Sexual Exploitation and Abuse is a solvable problem. It is about command and control, and training, incentives and punitive action. It is time to shift the shame and the fear.
Ms. Sanam Naraghi Anderlini, ICAN’s Executive Director reminded the audience and speakers that United Nations Security Council Resolution 1325 when adopted in 2000, was about bringing a human lens to the discussions, about the huge numbers of women and children on the ground and what kind of security they need. She also questioned the notion of culture, noting that many countries have no problem exporting women to become domestic labor overseas. On the issue of SEA, Ms. Naraghi Anderlini pointed out that it is an infinitely solvable problem. “It is about command and control, and training, incentives and punitive action,” she said. She suggested that punitive measures, such as salary cuts and discharge could be implemented. Furthermore, peacekeepers could be warned that their mother, sister, daughter and wife will be informed of any harassment or abuse of a colleague or a local. It is time to shift the shame and the fear! In light of the fact that many countries are bringing more women onboard, there is a need to think about how trainings can be fast tracked.
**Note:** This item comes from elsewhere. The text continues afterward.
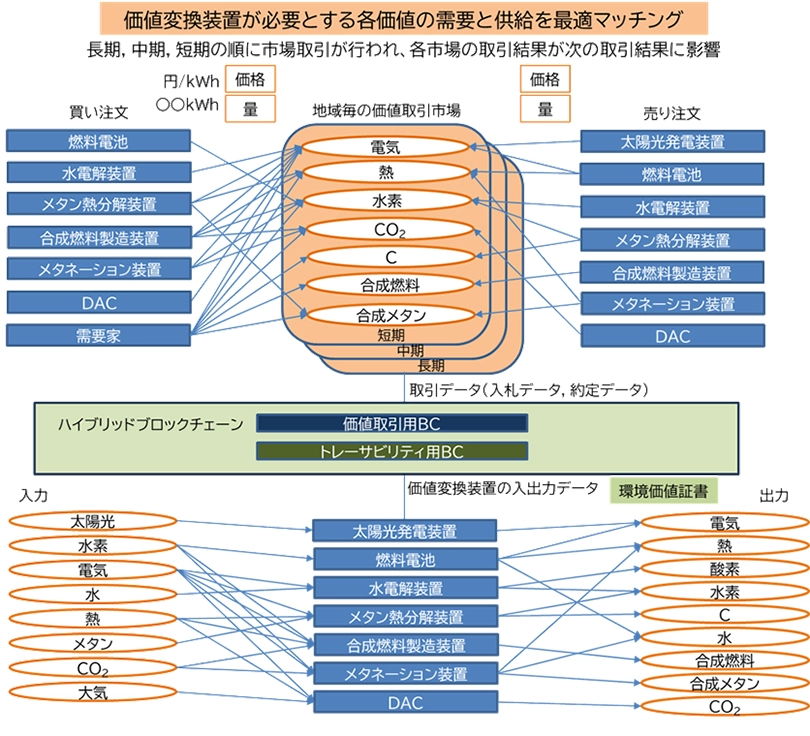 ・電力・熱・化学物質間の変換価値の可視化技術、取引技術、取引履歴の分散管理技術の研究 ・アルゴリズムの研究・評価、ユースケースの検討 |

A short and informative Q & A session followed. Interventions included a Norwegian police officer sharing a story of how he had reported a senior UN staffer on mission because the person had harassed an office colleague. The person in question was a known abuser; yet he was on his fourth tour – and nothing was done to him. Clearly it is time to end the status quo and implement policies.
Ms. Visaka Darmadhasa, founder and Chair of the Association of War Affected Women and Parents of Servicemen Missing in Action closed the session by acknowledging that the nature of conflict is changing, and we must find innovative solutions.
Ms. Charlotte Isaksson, senior advisor to the Principal Advisor on Gender and WPS at the European External Action Service (EEAS) moderated the session.
The nature of conflict is changing, and we must find innovative solutions.